Брат посмотрел на меня:
— И куда бы вы потом отправились?
— К дочери Паулины.
— Что будет делать дочь Паулины с вами, четырьмя старухами, в Нью-Йорке?
— Тогда попроси визу только для Паулины.
Он смотрел на голую богиню-мать, и я не была уверена, что он меня слушает.
— Ты слышишь? Роза, Марие и я никому не нужны, но Паулина должна быть со своей дочерью. И дочь хочет быть с матерью. Ей нужно, чтобы мать была в безопасности. Она каждый день умоляет нас попросить тебя выхлопотать визу. Ты меня слушаешь, Зигмунд?
Он поставил статуэтку на стол:
— Давай я зачитаю тебе несколько строк из статьи Манна? Она называется «Брат Гитлер». — Он взял вырезку и начал: — «Насколько же Гитлер должен ненавидеть психоанализ! Меня не покидает чувство, что та ярость, с которой он устремился в Вену, в сущности, была вызвана живущим там старым психоаналитиком, что именно он его истинный и главный враг — философ, исследующий невроз, великий разрушитель иллюзий, тот, кто понимает, что есть что, и хорошо знает подлинную гениальность». — Он вернул вырезку на стол и заметил: — С какой тонкой иронией Манн это пишет!

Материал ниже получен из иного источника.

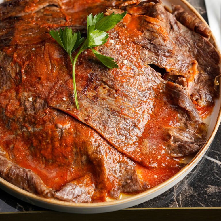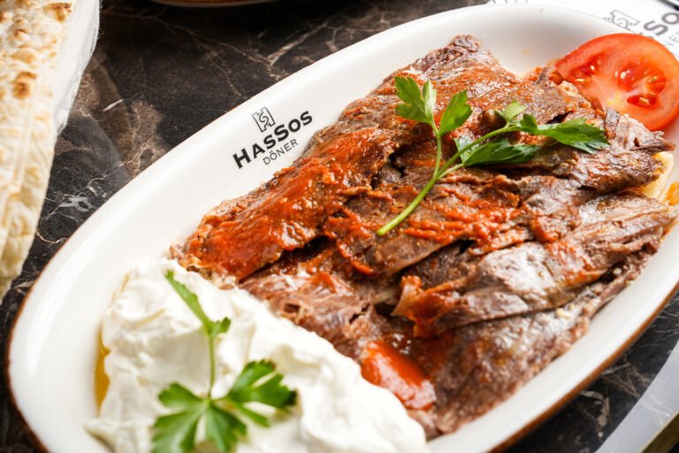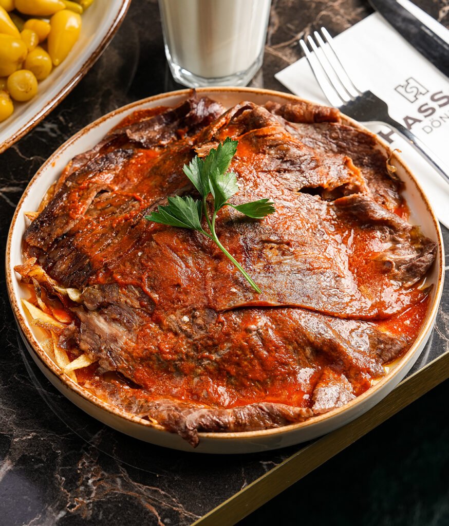 Tender Yaprak Döner layered with homemade tomato sauce, yoghurt, and a drizzle of melted butter.
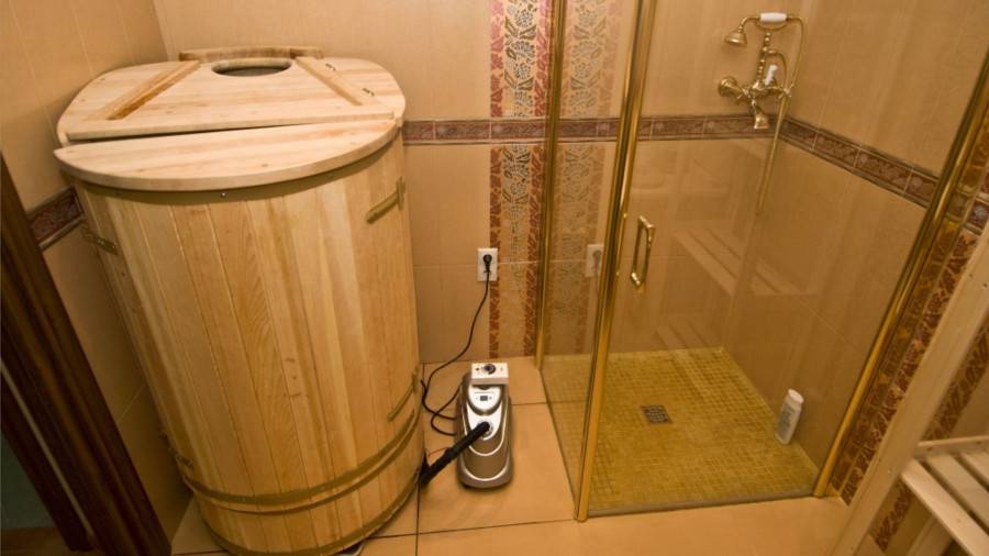- Человек, одетый в купальник, заходит в кабину и садится на специальную скамейку, расположенную в бочке. Закрывается дверь, а вокруг шеи наматывается плотное полотенце, которое предотвращает выход пара наружу.

— Из того, что ты мне прочитал, только «старый психоаналитик» соответствует истине. Говорю это без иронии. А утверждение, что ты — главный враг Адольфа Гитлера, пусть даже ироничное, звучит как банальная глупость. Ты знаешь, что оккупация Австрии — лишь начало великого похода, который задумал Гитлер. Он хочет завоевать весь мир. И потом уничтожить всякого, кто не относится к арийской расе. Это знает каждый: и ты, и Манн, и даже я, несчастная старуха, это знаю!
— Тебе не стоит волноваться. Амбиции Гитлера не могут осуществиться. Франция и Британия быстро заставят его вывести войска из Австрии, а потом он потерпит поражение и в самой Германии; поддержка, которую они сейчас оказывают Гитлеру, — всего лишь временное помрачение рассудка.
— Это помрачение длится годами.
— Верно. Но оно закончится. Немцами сейчас руководят темные силы, но где-то в глубине тлеет тот дух, который сформировал и меня. Безумие этого народа не может быть вечным.
— Оно продлится долго, — стояла я на своем.
Мой брат с детства восторгался немецким духом, уже тогда он приобщал нас, сестер, к своей любви. Он уверял нас, что немецкий язык — единственный язык, который во всей полноте может выразить самые высокие полеты человеческой мысли. Он распространял свою любовь и на немецкое искусство, учил нас гордиться тем, что мы, евреи по происхождению, живем на австрийской земле и все же принадлежим немецкой культуре. А сейчас, когда он уже не один год наблюдал, как разлагается немецкий дух и как сами немцы попирают драгоценные его плоды, он, словно пытаясь убедить самого себя, постоянно повторял, что это безумие продлится недолго, а затем немецкий дух снова воспрянет.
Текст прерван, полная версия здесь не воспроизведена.